Hipoalbuminemia adalah kadar albumin yang rendah/di bawah nilai
normal (kadar albumin serum < 3.5 g/dL). Nilai normal albumin adalah
3.5-5 g/dL atau 300-500 gram. Hipoalbuminemia mencerminkan pasokan
asam amino yang tidak memadai dari protein, sehingga mengganggu
sintesis albumin serta protein lain oleh hati. Klasifikasi hipoalbuminemia
adalah :
a. Hipoalbuminemia ringan : 3.5-3.9 g/dL
b. Hipoalbuminemia sedang : 2.5-3.5 g/dL
c.
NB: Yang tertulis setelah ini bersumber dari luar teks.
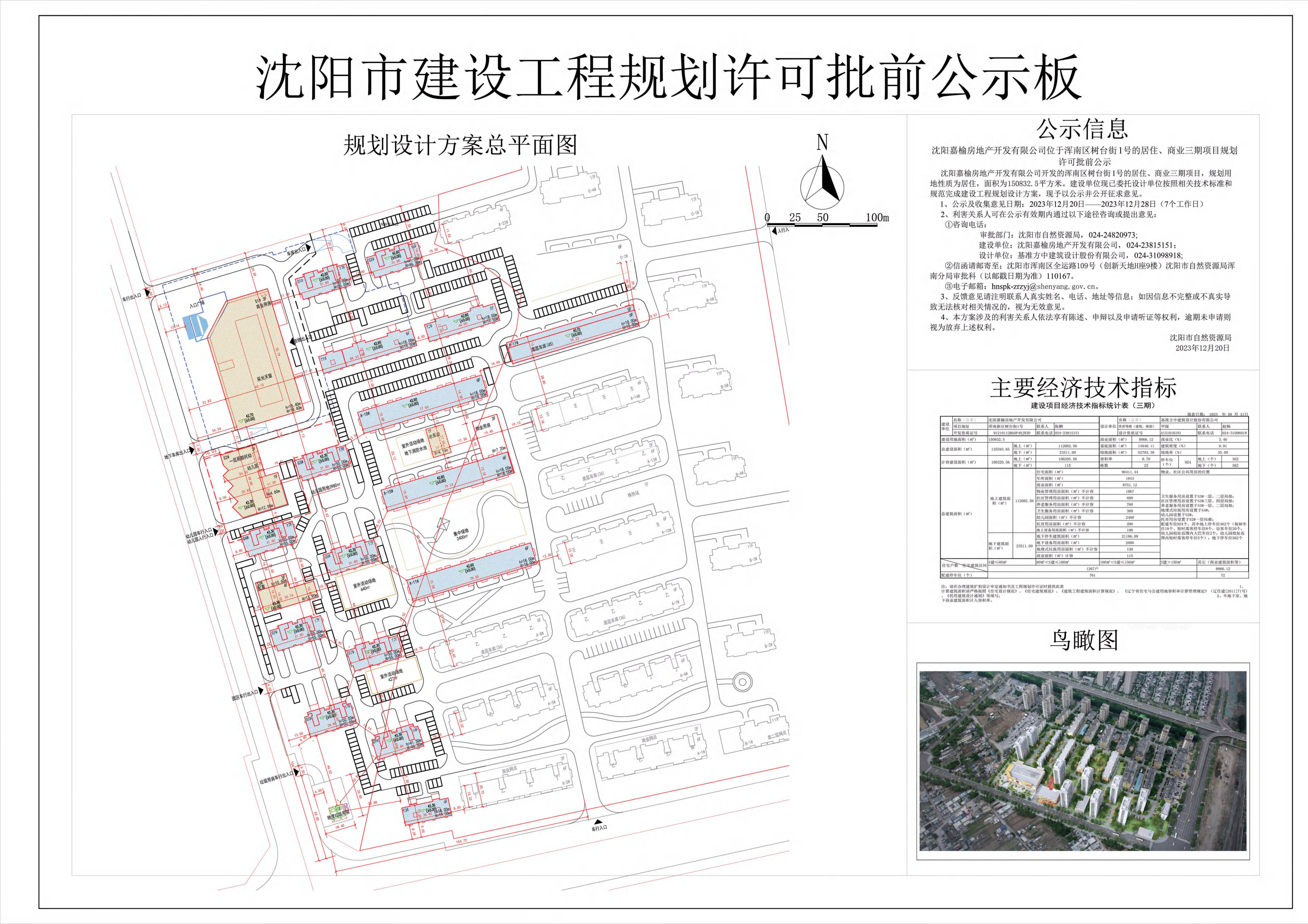 沈阳嘉榆房地产开发有限公司位于浑南区树台街1号的居住、商业三期项目规划许可批前公示

Hipoalbuminemia berat : < 2.5 g/dL

Hipoalbuminemia dapat disebabkan oleh penurunan produksi


albumin, sintesis yang tidak efektif karena kerusakan sel hati, kekurangan
intake protein, peningkatan pengeluaran albumin karena penyakit lainnya,
dan inflamasi akut maupun kronis.
a. Kurang energi protein
b. Kanker
c. Peritonitis
d. Luka bakar
e. Sepsis
f. Luka akibat pre dan post pembedahan (penurunan albumin plasma yang
terjadi setelah trauma)
g. Penyakit hati akut yang berat atau penyakit hati kronis (sintesis albumin
menurun)
h. Penyakit ginjal (hemodialysis)
i. Penyakit saluran cerna kronik
j. Radang atau infeksi tertentu (akut dan kronis)
k. Diabetes mellitus dengan gangrene
l. TB paru

Terapi hipoalbuminemia dapat dikoreksi dengan albumin intravena,


yaitu pemberian BSA (body serum albumer) dan diet tinggi albumin seperti
ekstra putih telur, ikan gabus, dan tempe kedelai.